Use UTF-8 or Latin1?

-2

I started a new project and when creating the database (MySQL), I did not think twice, I put a CHARSET=utf8 . The application will support Portuguese and English and users should use only these two languages.

In a specific module users can compose a procedure. That is, a relatively long text, which will use a WYSIWYG HTML editor. Users format their texts and I write HTML to the database. For this column I chose VARCHAR(65535) , so I'd rather use the space in the bank.

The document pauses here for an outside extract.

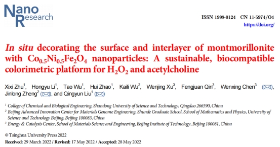 相关成果以“In situ decorating the surface and interlayer of montmorillonite with Co0.5Ni0.5Fe2O4 nanoparticles: A sustainable, biocompatible colorimetric platform for H2O2 and acetylcholine”为题发表在国产旗舰期刊Nano Research上(最新IF10.269)。论文第一作者为主曦曦高级实验师,第二作者为2020级硕士研究生李洪禹,刘青云教授为论文通讯作者。该研究得到了国家自然科学基金项目21904175,21971152、山东省“青创团队”和澳门十大信誉网赌大全人才计划项目“菁英计划”的资助。文章链接:https://link.springer.com/article/10.1007/s12274-022-4594-x,文章DOI:10.1007/s12274-022-4594-x

Of course, MySQL has reported that the maximum I can get in VARCHAR is 21845 per UTF-8 account (maximum 3 bytes).

Question : Is it still worthwhile to use Latin1 , ensuring that each character will have only 1 byte? Or is this obsolete and better done with UTF-8 ?

    
asked by anonymous 24.04.2018 / 18:02

2 answers

4

There is no correct answer to choosing encoding . The choice must be made according to your need. This is why banks accept many types.

If your system has no chance of receiving any special characters, as in the case you are describing where the content will always be a HTML , you can, a priori, change all the special characters by their Unicode (ie &#nnnn; where nnnn is the unicode code), then you probably do not need to store that data in UTF-8 . You can even have your entire database as a collation UTF-8 and only that HTML field with a different collation .

However, you often have no control over how HTML will be written to the field, you do not have a filter to convert to cases where the user pastes any special characters, etc. If this is the case, then the best strategy is to use Unicode .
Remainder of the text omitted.